What is needed is an exact copy of the lines in the listing below, from the one with "vierte el relleno" up to and including the one with "8番人気をしっかり拾ってワイド3種完全的中!", with no other lines.

=== Provided records ===

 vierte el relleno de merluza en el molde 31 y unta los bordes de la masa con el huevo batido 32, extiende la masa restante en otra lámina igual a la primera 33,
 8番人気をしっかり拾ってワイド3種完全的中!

===
=== Provided records ===

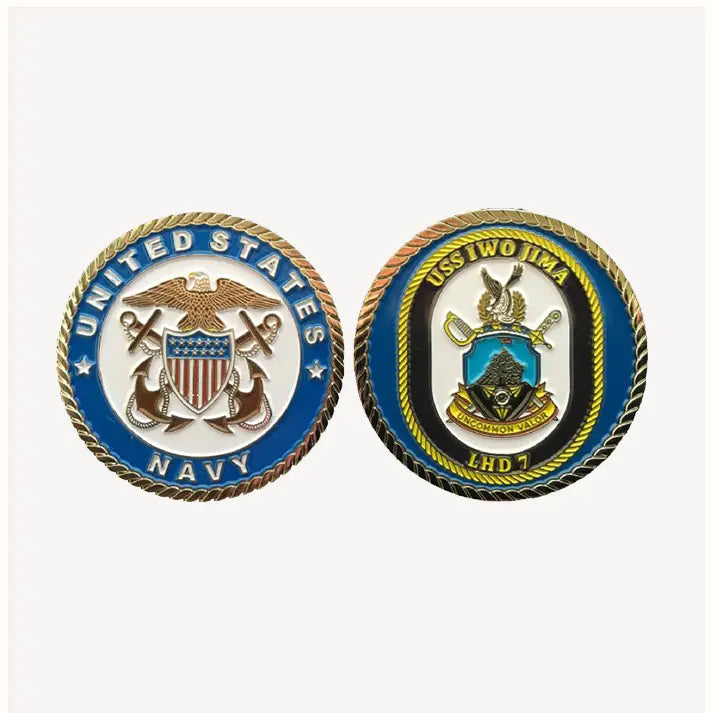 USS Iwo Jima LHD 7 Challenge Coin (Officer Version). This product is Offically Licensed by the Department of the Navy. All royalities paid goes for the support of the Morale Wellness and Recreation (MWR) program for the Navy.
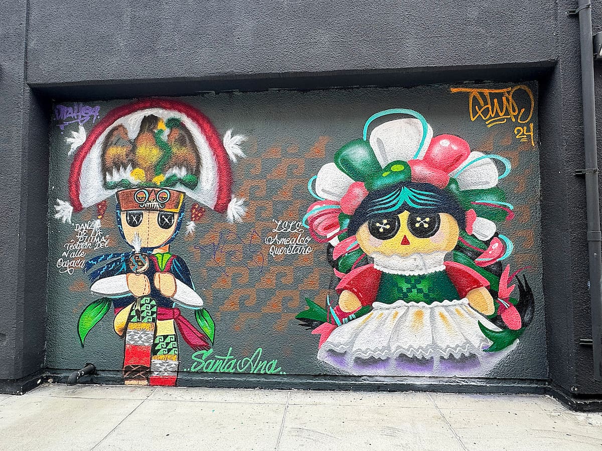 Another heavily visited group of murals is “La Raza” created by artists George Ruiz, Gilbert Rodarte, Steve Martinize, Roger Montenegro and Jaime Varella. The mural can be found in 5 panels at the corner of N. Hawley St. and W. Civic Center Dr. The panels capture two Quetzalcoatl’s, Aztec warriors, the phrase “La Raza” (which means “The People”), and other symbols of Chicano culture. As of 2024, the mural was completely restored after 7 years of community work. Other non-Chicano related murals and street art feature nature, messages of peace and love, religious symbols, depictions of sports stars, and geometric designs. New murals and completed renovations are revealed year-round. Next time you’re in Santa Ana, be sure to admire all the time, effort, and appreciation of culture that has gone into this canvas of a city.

===
=== Provided records ===

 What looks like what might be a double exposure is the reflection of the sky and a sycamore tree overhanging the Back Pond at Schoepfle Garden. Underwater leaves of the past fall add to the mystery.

===

Written solution ▸
 vierte el relleno de merluza en el molde 31 y unta los bordes de la masa con el huevo batido 32, extiende la masa restante en otra lámina igual a la primera 33,
 8番人気をしっかり拾ってワイド3種完全的中!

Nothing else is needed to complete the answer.